葬儀・告別式に臨む際の会葬者の心得

葬儀・告別式に臨む際の会葬者の心得

通夜の場合は開始時間よりも早く着かないことがマナーとされていますが、葬儀・告別式はその逆ですね。10分くらい前には到着し開始時間には受付を済ませておくのがマナーとなります。

葬儀・告別式の場合は、式の後の火葬場に時間予約がされているため、式は必ず時間通りに始まるのです。遅れて到着し式の途中から参列したり、出棺間際に到着してあわただしくお別れをするのでは喪主や遺族、世話係に迷惑をかけることになりますし、故人の前で申し訳ないですよね。心を落ち着けて参列し、故人の冥福を心よりお祈りしたいものですから、必ず余裕をもって出発したいものですね。

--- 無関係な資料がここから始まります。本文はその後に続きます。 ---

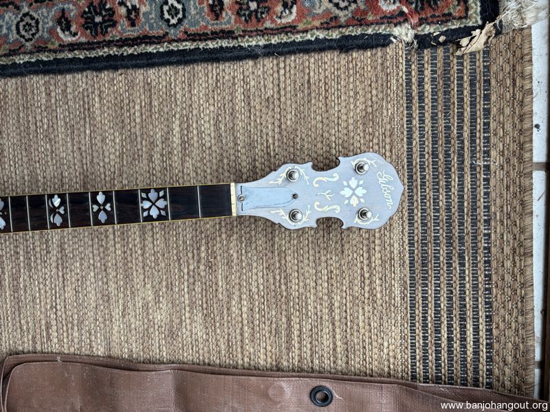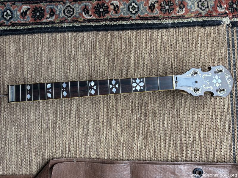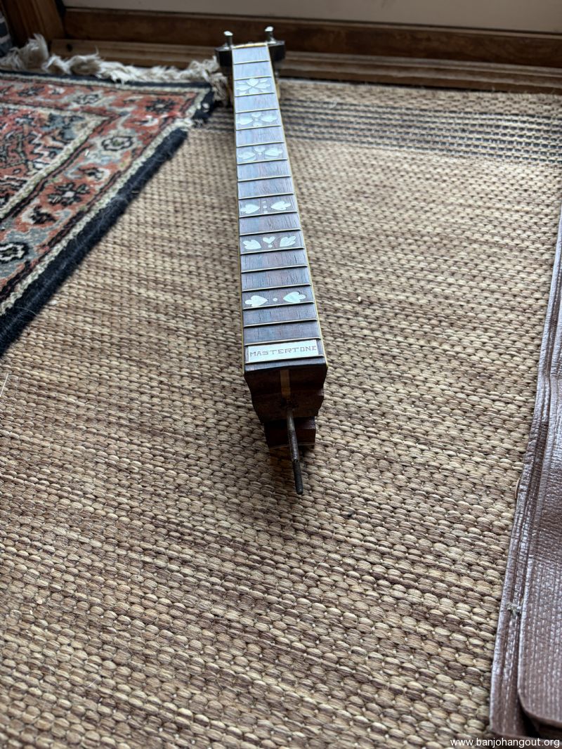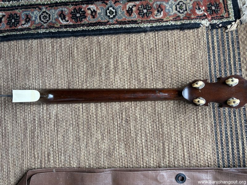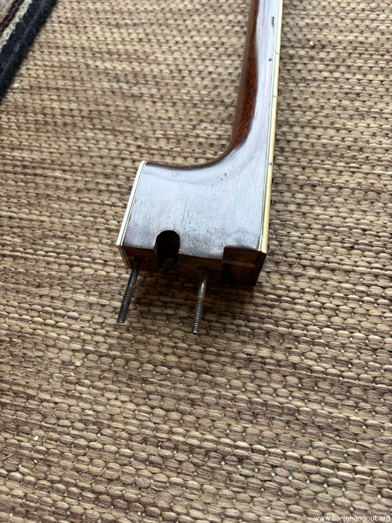 Neck from 1926 TB4 mahogany fits two piece flange, comes with original tuners and lag bolts. cleaning out stuff.

さて、会場についてまずすることは受付です。深く一礼をし、簡潔に弔意(お悔やみのことば)を述べます。芳名帳に記入をし、香典を持参している場合は受付係に差し出します。たとえ受付係が知り合いでも私語は慎みます。他の人から香典を預かってきている場合は「お預かりしてきました」とひとこと添えて自分の名前と共にその人の名前も記帳します。代理出席の記帳の仕方は、自分の名前ではなく出席できなかった本人の名前を書きその横に「代」と小さく書き添えます。

席は通常は案内係が案内してくれるのですが、特に指示がない場合は着順が原則なので前の人に続いて着席します。知り合いを見つけた場合でも、話しかけるのはタブーです。「式場でのあいさつは目礼」を心得て、目が合ったら目礼であいさつをするだけにします。むやみに遺族に声をかけるのはやめた方がいいですね。「故人を偲ぶ気持ちが一番のマナー」ということです。

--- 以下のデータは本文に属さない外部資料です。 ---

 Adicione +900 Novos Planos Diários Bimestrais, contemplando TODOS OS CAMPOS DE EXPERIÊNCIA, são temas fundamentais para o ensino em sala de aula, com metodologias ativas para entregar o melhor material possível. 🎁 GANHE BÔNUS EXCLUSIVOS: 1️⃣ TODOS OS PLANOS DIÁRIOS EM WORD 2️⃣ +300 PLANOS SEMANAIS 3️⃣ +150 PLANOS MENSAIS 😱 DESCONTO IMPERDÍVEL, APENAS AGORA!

ところで最近はほとんどが葬儀・告別式は同時に行われますが、別々に行われることもあります。一般会葬者はどちらに、またはどちらも参列すべきでしょうか。答えは、「告別式のみ参列する」です。葬儀は遺族や親族のみで営まれるものなので、特に申し出がない場合には、一般の会葬者は告別式から参列するのが普通なのだそうです。

告別式の終了後、出棺の前に遺族は故人と最後の対面をしますが、故人と親しいつきあいのあった人ならば遺族に申し出て対面させてもらっても良いようです。ただし、あまりの悲しみで取り乱してしまう可能性を感じるのであれば辞めた方がいいのかもしれません。